The main advantages of fixed topology sorts is that their
communication performance is oblivious to the distribution of the
keys, and they are well suited for direct implementation on
machines that don't efficiently support dynamic or irregular
communication patterns. The disadvantage is that on machines that
do have efficient point-to-point communication, the
fixed-topology sorts can require more communication than other
sorts. An additional advantage of bitonic sort is that it can be
executed in place requiring no additional memory, although this
prohibits the use of local merges, making the running time *O*((*n/p*)
lg^{2}*n*).

Partitioning sorting algorithms select a subset of the keys that partition the data and then use these partition elements to route keys to separate sets of processors. There are two main subcategories of partitioning sorts: parallel quicksorts, and sample sorts.

Several parallel variations of quicksort have been suggested,
each of which uses a single key at each level of the recursion to
partition the data. The simplest variation runs the recursive
calls to quicksort in parallel [35]. This variation does not
offer very much parallelism since only a single processor is used
for the initial partitioning: this partitioning requires *O*(*n*)
time, so one can only expect an speedup over the serial
algorithm. Wagar suggested a variation called
hyperquicksort [41] that
does the partitioning in parallel. The algorithm uses a hypercube
connection topology, but the message traffic is not oblivious to
the data. This sort initially distributes the keys evenly among
the processors and at each step picks a pivot, distributes the
pivot across the machine, and sends all the keys less than the
pivot to one side of the hypercube and the greater keys to the
other (this split is always done across the highest dimension of
the sub-cube). This is applied recursively within each sub-cube.
It is very important to pick a pivot that closely balances the
two halves otherwise the load on the processors can become
extremely imbalanced.
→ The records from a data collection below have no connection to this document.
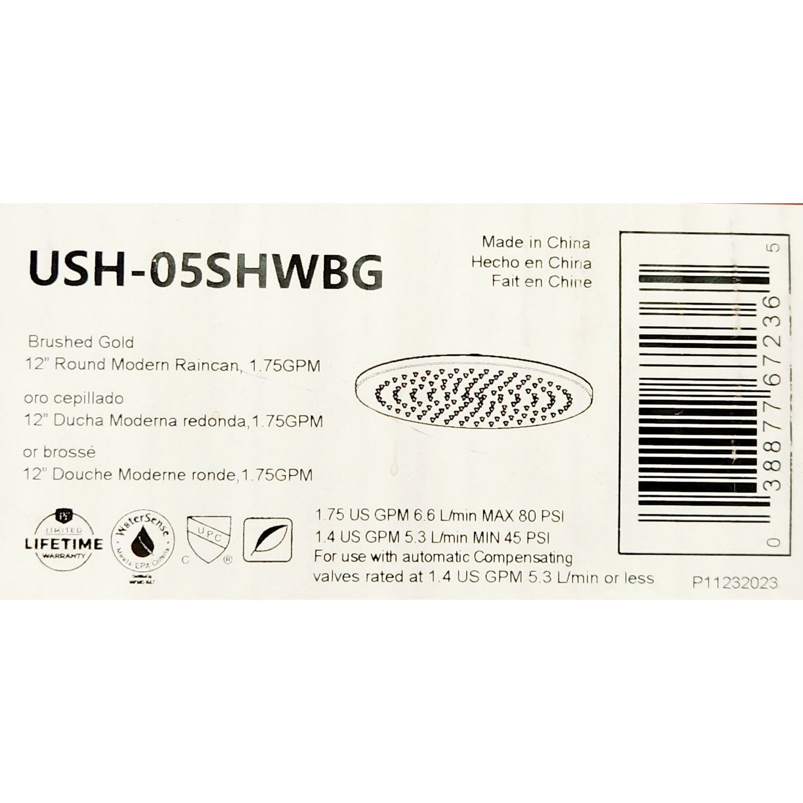 Thank you for visiting! All orders are shipped for FREE within the United States. For international sales, shipping costs will be added to the purchase price. Please contact us with your shipping address for a parcel quote. Orders before 2PM CST will be shipped the same day. Our items have never been installed and are sold as open-box products, unless otherwise noted. While the boxes may have slight damage, as shown in the pictures, the items themselves are carefully inspected to ensure they are not damaged or missing any pieces. We accept returns on items that have not been installed or damaged within 14 days of your purchase. In the rare event that an item is defective upon installation or has any blemishes not previously stated in the description, we will discuss a refund or exchange. Please, reach out if you have any issues that need to be addressed. Our goal is to achieve complete customer satisfaction. We appreciate you viewing this listing and look forward to serving you. Pfister USH-05SHWBG Modern Round 1.75 GPM Rain Shower Head - Brushed Gold Constructed of metal for long lasting durability and dependability Premier finishing process โ€“ finishes will resist corrosion and tarnishing through everyday use Coordinates with products from the Modern Round line seamlessly Single function shower head Designed to easily install with standard U.S. plumbing connections All hardware required for installation is included Shower arm and flange sold separately Shower Head Width: 12" (left to right) Shower Head Height: 2-1/16" (spray nozzles to connection outlet) Flow Rate: 1.75 gallons-per-minute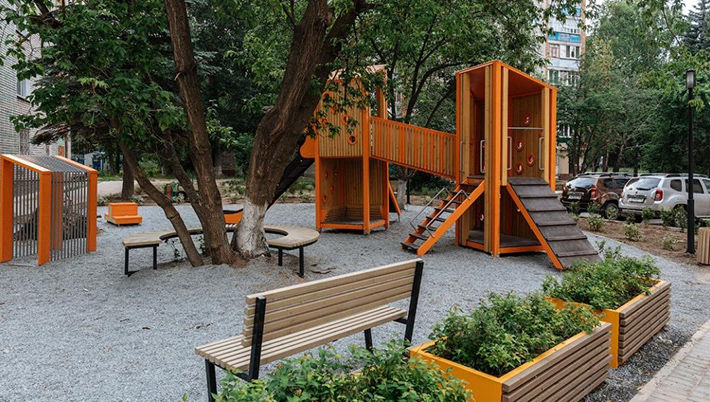Так, особое внимание блогер уделил обустройству детской площадки, а также площадки для воркаута, использование боксов с растениями вместо ограждений, приобретение уличной мебели у местных производителей во дворах в Зеленодольске.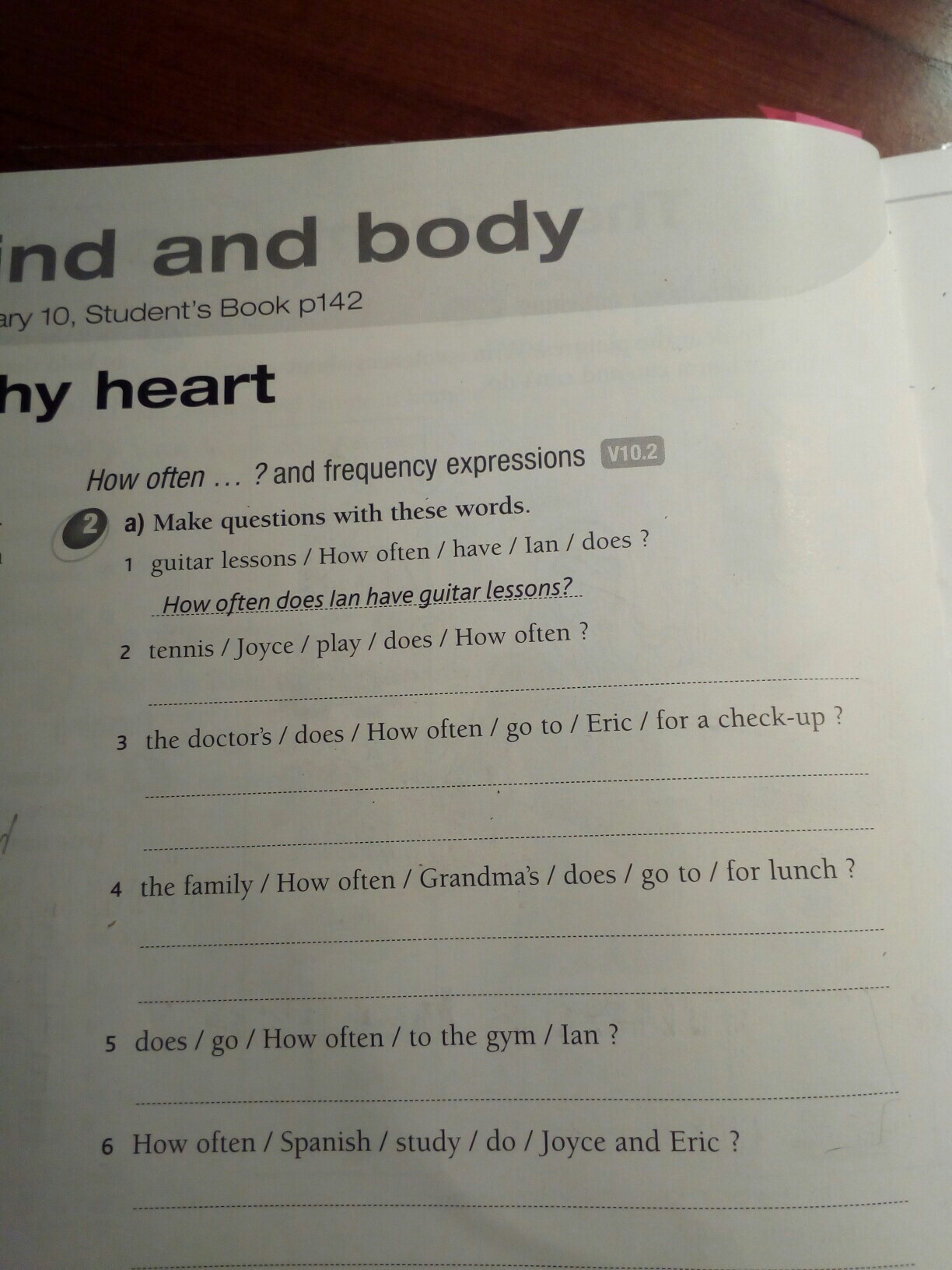 2)How often does play tennis Joyce?3)How often does Eric go to the doctor's for a check-up?4)How often does the family go to Gtandma's for lunch5)How often does Ian go to the gym6)How often do Joyce and Eric study Spanish?

Hyperquicksort has been implemented on the
NCUBE/10 [41] and the
x [30]. On the NCUBE it was
shown to be about twice as fast as bitonic sort, but this was
based on randomly generated keys (which would be expected to be a
good distribution for the sort). Another variation of quicksort
allocates a fair number of processors to each recursive call so
that picking bad pivots will not lead to load imbalance [10]. This variation is based on
using segmented scans and has been implemented on the CM-2.
Because of relatively high communication costs it is not
competitive with the sample sort algorithm discussed below.

Another partition based sort is sample sort [17, 20,
31, 36, 42].
Variations of sample sort have been implemented on the
CM-2 [9], the Maspar
MP-1 [18], the
CM-5 [43], and the
Ametek/S14 [25] and are the
most efficient sorts for most of these machines. Assuming *n*
input keys are to be sorted on a machine with *p*
processors, the sample sort algorithm proceeds in three phases:

- A set of
*p*-1 ``splitter'' keys are picked that partition the linear order of key values into*p*``buckets.'' - Based on their values, the keys are sent to the
appropriate bucket, where the
*i*th bucket is stored in the*i*th processor. - The keys are sorted within each bucket.
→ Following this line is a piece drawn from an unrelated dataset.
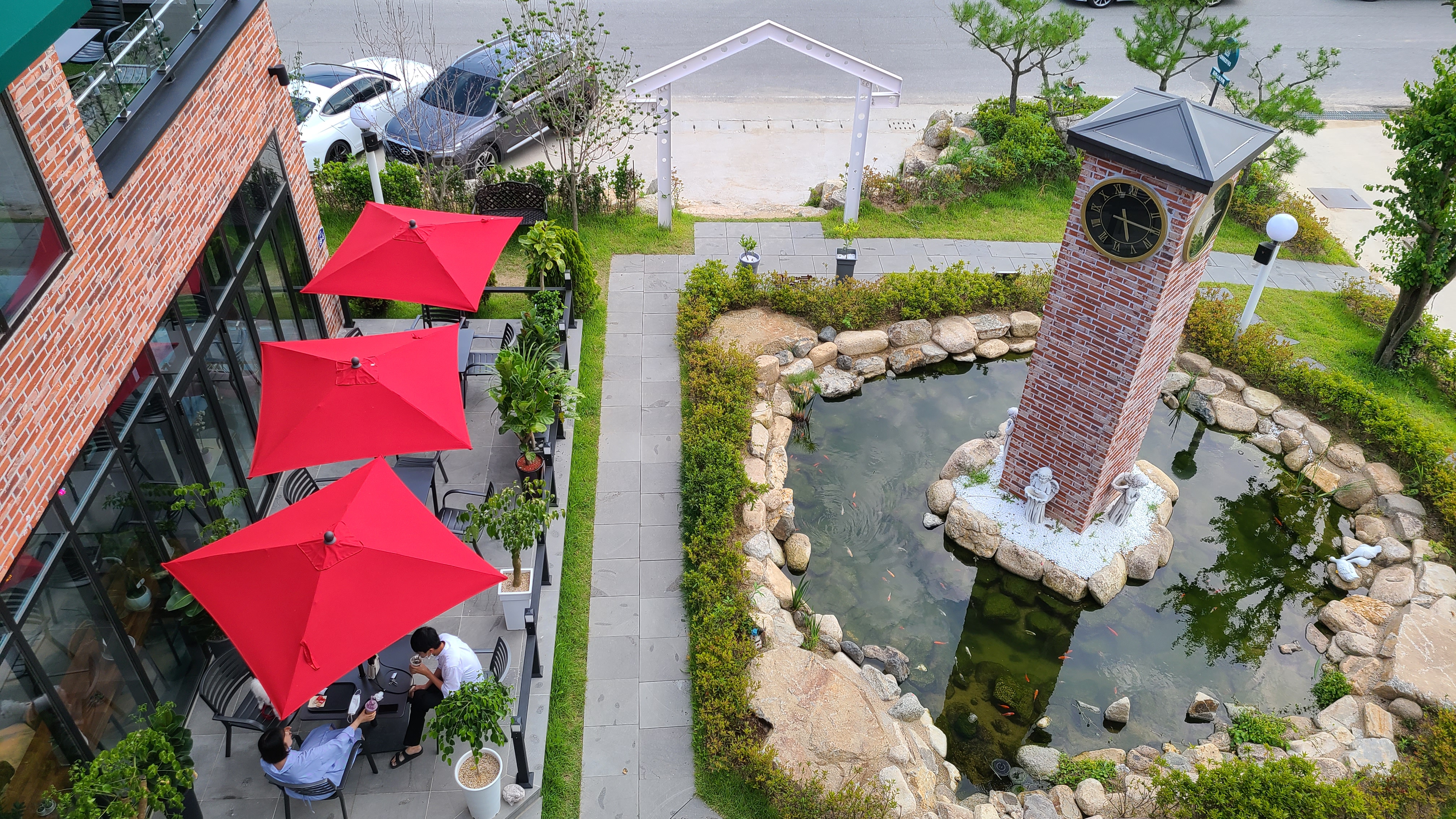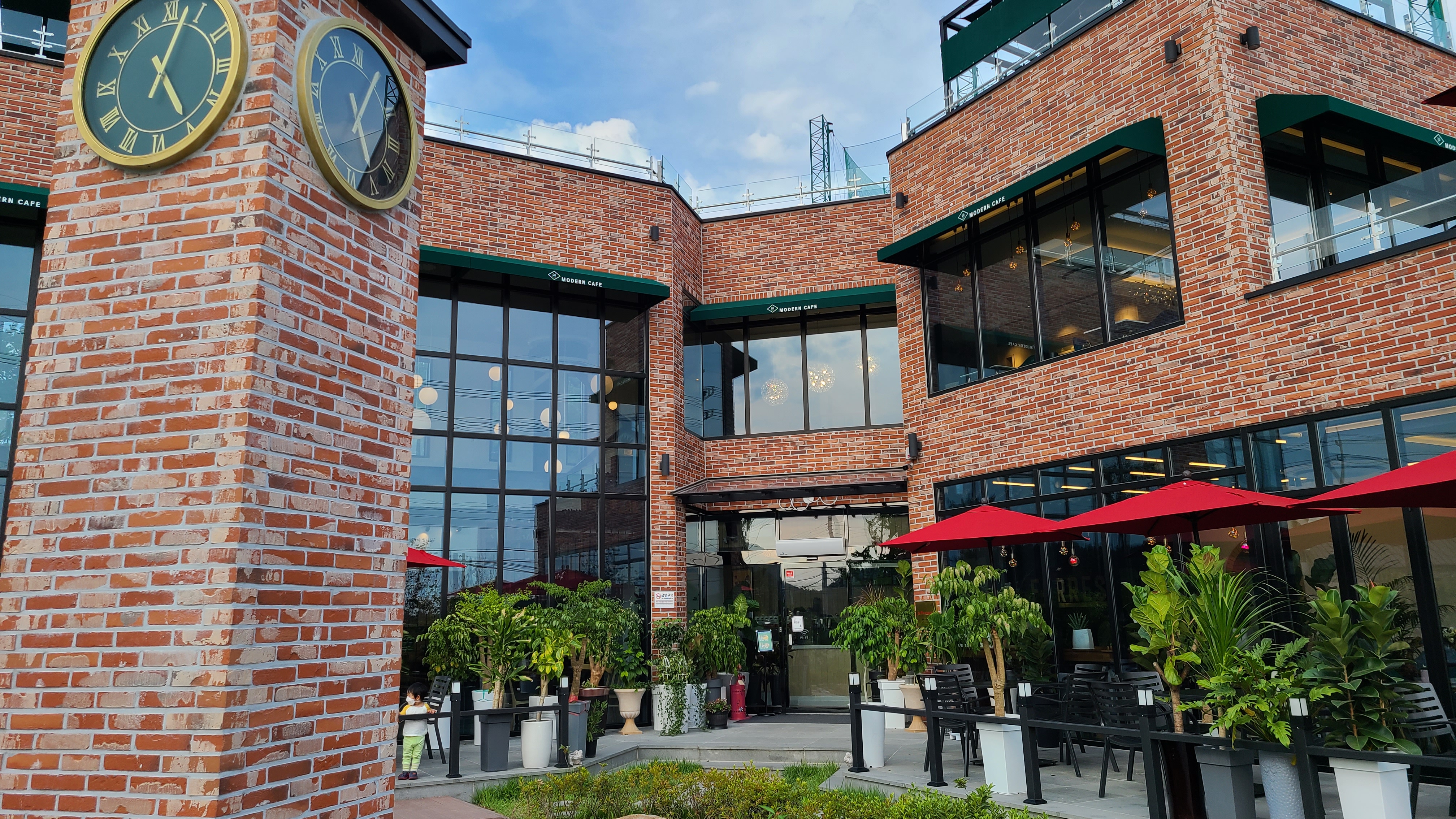 파란 하늘, 빨간 벽돌과 푸릇푸릇한 식물들의 조화가 너무 잘 어울리고 이뻐요

If necessary, a fourth phase can be added to load balance the keys, since the buckets do not typically have exactly equal size.
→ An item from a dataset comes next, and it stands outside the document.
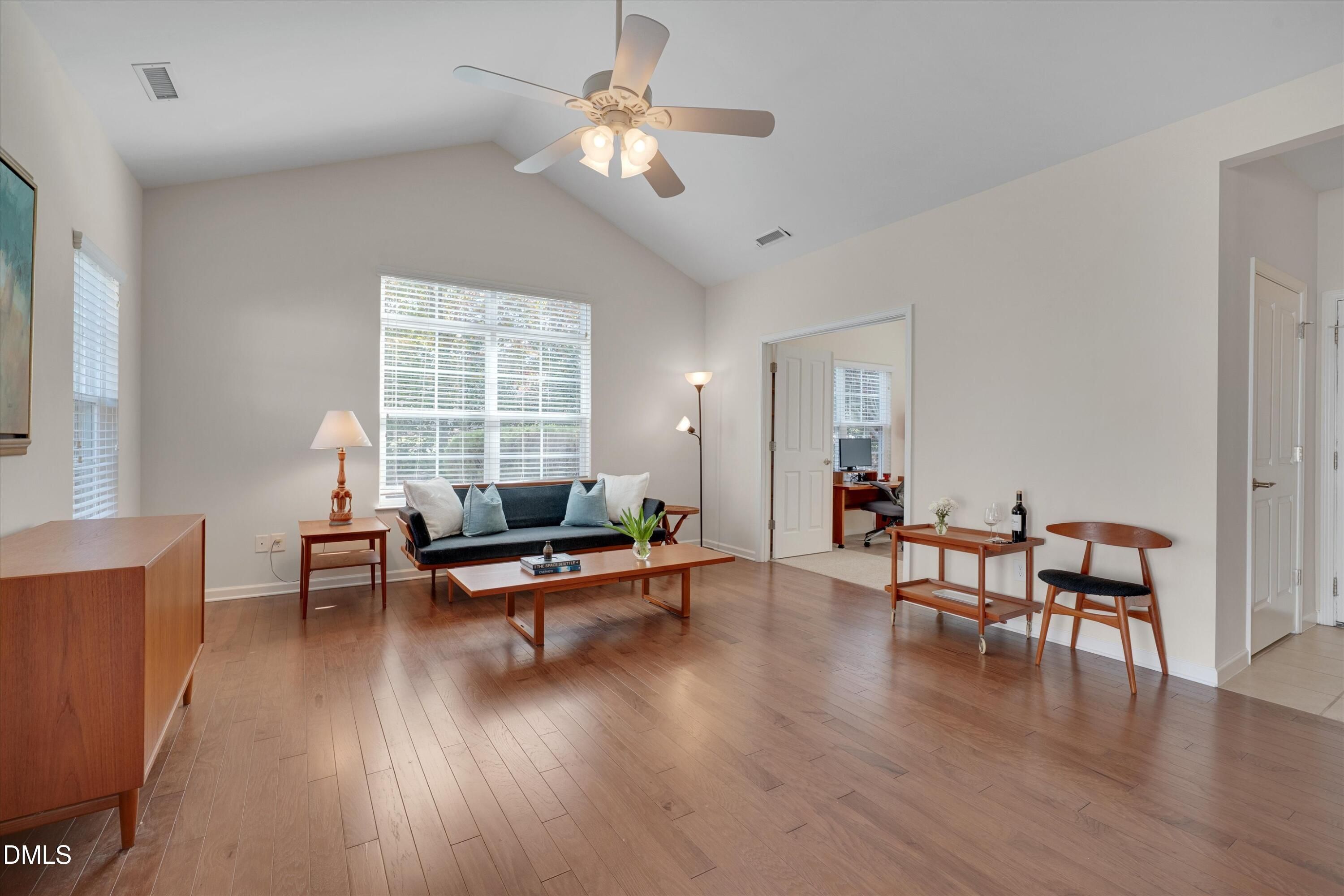 Experience effortless single-level living in this beautifully maintained home located in the highly desirable 55+ Active Adult, senior community, Villas at Culp Arbor — perfectly positioned between Chapel Hill and Durham, NC. This move-in ready, low-maintenance home offers exceptional convenience for those seeking a relaxed lifestyle close to world-class healthcare, shopping, dining, and entertainment. This well-designed single-story home features 2 bedrooms, 2 full bathrooms, and a den/study, making it perfect for downsizing, aging-in-place, or those who want flexible space for a home office or guest room. You'll love the open floor plan, excellent natural light, and vaulted ceilings that create a spacious and welcoming feel. The hardwood floors throughout the main living areas provide warmth, style, and easy maintenance—one of the most sought-after upgrades for today's buyers. The kitchen is designed with both function and comfort in mind, offering an island, granite countertops, generous cabinet storage, and a seamless connection to the dining and living areas. A double-sided fireplace adds charm to both the living and sitting rooms, creating cozy ambiance year-round. The private courtyard patio, accessible from both the living room and the owners suite, extends your living space outdoors—ideal for morning coffee, relaxing with a book, gardening, or dining al fresco. The owners suite includes a double vanity, a spacious walk-in shower, and new tile flooring. Additional highlights include NEW carpet in the bedrooms, a large laundry room, generous storage, and an oversized 2-car garage. For added peace of mind, this home has been pre-sale inspected with repairs completed and features a NEW HVAC system (Oct 2025). Refrigerator and dishwasher are less than 2 years old and the refrigerator and washer/dryer convey. Residents at Villas at Culp Arbor enjoy a vibrant 55+ lifestyle with amenities including a clubhouse and pool, walking areas, and community activities—perfect for staying social, active, and connected. Situated just minutes from UNC-Chapel Hill, Duke University, UNC Hospitals, Duke Medical Center, The Streets at Southpoint, and major Triangle commuter routes, this location is ideal for anyone wanting to enjoy the best of both Chapel Hill and Durham living.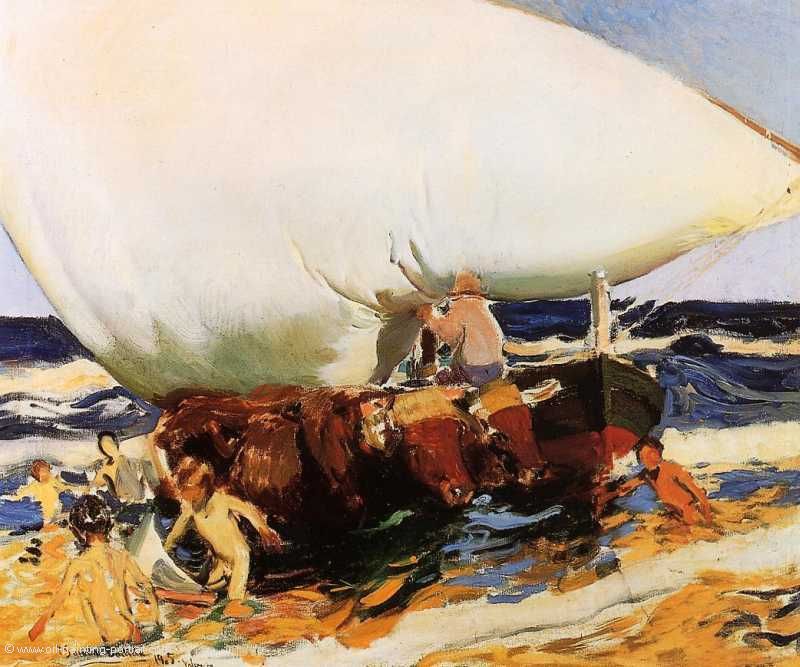Le tableau "Sur la plage de Valence" de Joaquin Sorolla y Bastida: tableau à l'huile réplique, peint à la main et de grande qualité.

Sample sort gets its name from the way the *p*-1
splitters are selected in the first phase. From the *n*
input keys, a sample of *ps* <= *n* keys are
chosen at random, where *s* is a parameter called the *oversampling
ratio*. This sample is sorted, and then the *p*-1
splitters are selected by taking those keys in the sample that
have ranks *s*, 2*s, *3*s, ..., *(*p*-1)*s*.
It can be shown that if the samples are picked at random then it
is extremely unlikely that any one bucket is more than a small
constant larger than the average size bucket [9]: this is true independent of the
initial distribution. Some variations of sample sort use
splitters that are chosen deterministically [36], these can have very bad
performance with certain key distributions.

The main practical advantage of sample sort is that it greatly
reduces the communication required over most of the other sorting
algorithms. If there are enough keys per processor (more than *p*)
then the splitters can be broadcast to all the processors without
a serious overhead, and the data can be routed to its final
destination with a single message. However, because of the need
to distribute the splitters and the need to sort the sample, it
does not work well when there are a small number of keys per
processor. The cost of distributing the *p* splitters to
each processors can be alleviated by running multiple
passes [18], but this
adds to the communication costs. Another disadvantage of sample
sort is that the buckets are not perfectly balanced at the end.
This can require extra memory and extra communication to balance
the data.

Sorting data is often the dominating cost for any system that makes use of it. It is for this reason that so much has been written and so many algorithms have been developed and analyzed. For any real world application of sorting, however, the order analysis of an algorithm can often be of secondary consideration compared with the constants involved, and it may be that for particular problems certain algorithms may work significantly better than others. We have already seen some of this in the algorithms already mentioned; for uniform data distributions bucket sorts or unbalanced radix algorithms may suffice. For very large keys, counting sorts, such as radix, are unlikely to be optimal and for large amounts of data, partitioning algorithms such as sample sort become optimal. Though generally true, these observations provide no systematic way to evaluate various sorting algorithms in the context of both the sorting job at hand and the computer architecture it is being implemented on. In this section we will formalize some existing terminology for describing sorting and introduce and formalize four dimensions of sorting problems that affect performance.

In choosing a sorting implementation for a particular application there are usually only two main constraints:

- That the sort be fast.
- That the data really end up in ``sorted'' order.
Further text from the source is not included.